A dealer deals in two products X and Y. He has ₹ 1,00,000/- to invest and space to store 80 pieces. Product X costs ₹ 2500/- and product Y costs ₹ 1000/- per unit. He can sell the items X and Y at respective profits of ₹ 300 and ₹ 90. Construct the LPP and find the number of units of each product to be purchased to maximize its profit
A wholesale dealer deals in two kinds of mixtures A and B of nuts. Each kg of mixture A contains 60 grams of almonds, 30 grams of cashew and 30 grams of hazel nuts. Each kg of mixture B contains 30 grams of almonds, 60 grams of cashew and 180 grams of hazel nuts. A dealer is contemplating to use mixtures A and B to make a bag which will contain at least 240 grams of almonds, 300 grams of cashew and 540 grams of hazel nuts. Mixture A costs ₹ 8 and B costs ₹ 12 per kg. How many kgs of each mixture should he use to minimize the cost of the kgs
Maximize Z = 2x + 3y subject to constraints
x + 4y ≤ 8, 3x + 2y ≤ 14, x ≥ 0, y ≥ 0.
Amartya wants to invest ₹ 45,000 in Indira Vikas Patra (IVP) and in Public Provident fund (PPF).

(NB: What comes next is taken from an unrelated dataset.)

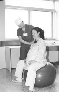 她感覺最有意思的鎮(zhèn)痛措施是:在兩次陣痛之間騎坐在分娩球椅上。分娩球是一個(gè)直徑1米的彩色充氣橡膠球,固定在有扶手的坐椅上,在規(guī)律宮縮的間歇騎坐上去,可以達(dá)到放松盆底肌肉的目的。她坐了一會(huì)兒,果然感到柔軟舒適,疼痛減輕!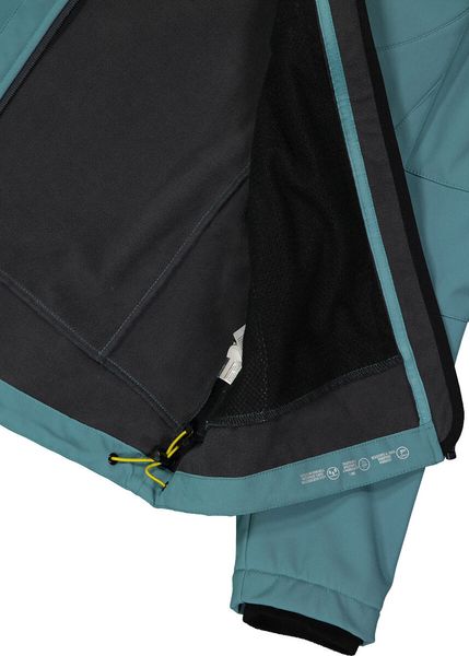 Besonders praktisch ist die abnehmbare Kapuze, die sich individuell mit einem Zugband anpassen lässt. Die Jacke verfügt über zwei Seitentaschen und eine Brusttasche, die alle mit Reißverschlüssen ausgestattet sind, um persönliche Gegenstände sicher zu verstauen. Der Saum kann dank der Schnürung individuell angepasst werden, um einen perfekten Sitz zu gewährleisten. Der innen mit Fleece gefütterte Kragen und die Fleece-Bündchen an den Ärmeln bieten zusätzlichen Komfort und Wärme.

He wants to invest at least ₹ 10,000 in PPF and at least ₹ 5000 in IVP. If the rate of interest on PPF is 8% per annum and that on IVP is 7% per annum. Formulate the above problem as LPP to determine maximum yearly income.

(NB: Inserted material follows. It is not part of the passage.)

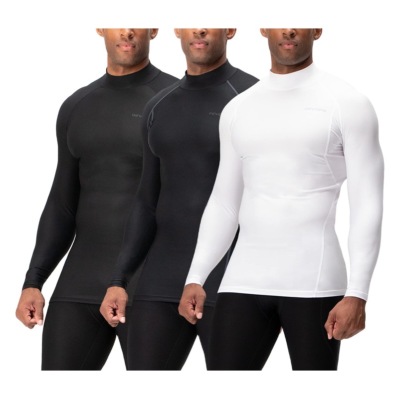DEVOPS 3 Pack Men's Athletic Turtle Neck Long Sleeve Compression Shirts (Medium, Black/Black/White)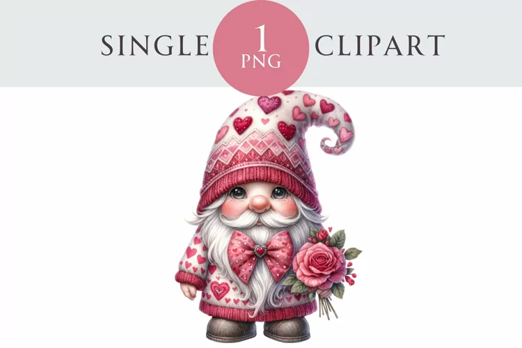 Valentines Gnome Clipart Single PNG example image 1

Solution: Let x be the amount (in ₹) invested in IVP and y be the amount (in ₹) invested in PPF.
x ≥ 0, y ≥ 0
As per the given condition, x + y ______ 45000
He wants to invest at least ₹ 10,000 in PPF.
∴ y ______ 10000
Amartya wants to invest at least ₹ 5000 in IVP.
∴ x ______ 5000
Total interest (Z) = ______
The formulated LPP is
Maximize Z = ______ subject to
______
Solve the following LPP graphically:
Maximize Z = 9x + 13y subject to constraints
2x + 3y ≤ 18, 2x + y ≤ 10, x ≥ 0, y ≥ 0
Solution: Convert the constraints into equations and find the intercept made by each one of it.

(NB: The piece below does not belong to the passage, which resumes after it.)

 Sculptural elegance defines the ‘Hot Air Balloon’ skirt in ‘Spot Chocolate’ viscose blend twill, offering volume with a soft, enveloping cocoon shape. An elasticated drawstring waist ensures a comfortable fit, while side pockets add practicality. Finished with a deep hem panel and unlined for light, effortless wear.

| Inequation | Equation | X intercept | Y intercept | Region |
| 2x + 3y ≤ 18 | 2x + 3y = 18 | (9, 0) | (0, ___) | Towards origin |
| 2x + y ≤ 10 | 2x + y = 10 | ( ___, 0) | (0, 10) | Towards origin |
| x ≥ 0, y ≥ 0 | x = 0, y = 0 | X axis | Y axis | ______ |
The feasible region is OAPC, where O(0, 0), A(0, 6),
P( ___, ___ ), C(5, 0)
The optimal solution is in the following table:
| Point | Coordinates | Z = 9x + 13y | Values | Remark |
| O | (0, 0) | 9(0) + 13(0) | 0 | |
| A | (0, 6) | 9(0) + 13(6) | ______ | |
| P | ( ___,___ ) | 9( ___ ) + 13( ___ ) | ______ | ______ |
| C | (5, 0) | 9(5) + 13(0) | ______ |
∴ Z is maximum at __( ___, ___ ) with the value ___.
A linear function z = ax + by, where a and b are constants, which has to be maximised or minimised according to a set of given condition is called a:-
Graphical solution set of the inequations x ≥ 0 and y ≤ 0 lies in ______ quadrant.